━━━ Supplied information

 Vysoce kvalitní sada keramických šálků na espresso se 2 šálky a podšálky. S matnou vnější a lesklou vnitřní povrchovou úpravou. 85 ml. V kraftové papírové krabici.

━━━━━━
━━━ Supplied information

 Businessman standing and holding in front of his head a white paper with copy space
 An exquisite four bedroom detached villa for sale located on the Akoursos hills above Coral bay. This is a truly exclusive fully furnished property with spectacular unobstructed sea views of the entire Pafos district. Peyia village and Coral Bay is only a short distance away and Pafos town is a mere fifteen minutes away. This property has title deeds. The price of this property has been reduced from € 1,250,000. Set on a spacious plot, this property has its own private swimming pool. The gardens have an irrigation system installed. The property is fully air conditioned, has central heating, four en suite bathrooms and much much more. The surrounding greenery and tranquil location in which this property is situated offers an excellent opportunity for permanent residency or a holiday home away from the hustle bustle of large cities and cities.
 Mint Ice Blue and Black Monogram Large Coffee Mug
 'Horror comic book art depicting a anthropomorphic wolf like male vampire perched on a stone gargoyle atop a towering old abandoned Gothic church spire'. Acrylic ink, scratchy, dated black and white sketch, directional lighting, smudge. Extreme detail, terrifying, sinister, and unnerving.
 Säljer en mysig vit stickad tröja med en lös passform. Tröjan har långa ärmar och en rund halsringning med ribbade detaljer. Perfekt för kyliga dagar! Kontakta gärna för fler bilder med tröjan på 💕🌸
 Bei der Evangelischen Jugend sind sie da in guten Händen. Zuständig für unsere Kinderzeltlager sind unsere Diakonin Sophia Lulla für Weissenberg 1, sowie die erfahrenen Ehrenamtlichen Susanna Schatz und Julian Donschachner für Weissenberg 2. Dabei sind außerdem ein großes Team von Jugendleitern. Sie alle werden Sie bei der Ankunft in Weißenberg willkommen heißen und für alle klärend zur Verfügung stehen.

━━━━━━

[Prompt]:
Wherever a line of the records above contains the string "white", copy that line out.

[Solution to this problem]:
 Businessman standing and holding in front of his head a white paper with copy space
 'Horror comic book art depicting a anthropomorphic wolf like male vampire perched on a stone gargoyle atop a towering old abandoned Gothic church spire'. Acrylic ink, scratchy, dated black and white sketch, directional lighting, smudge. Extreme detail, terrifying, sinister, and unnerving.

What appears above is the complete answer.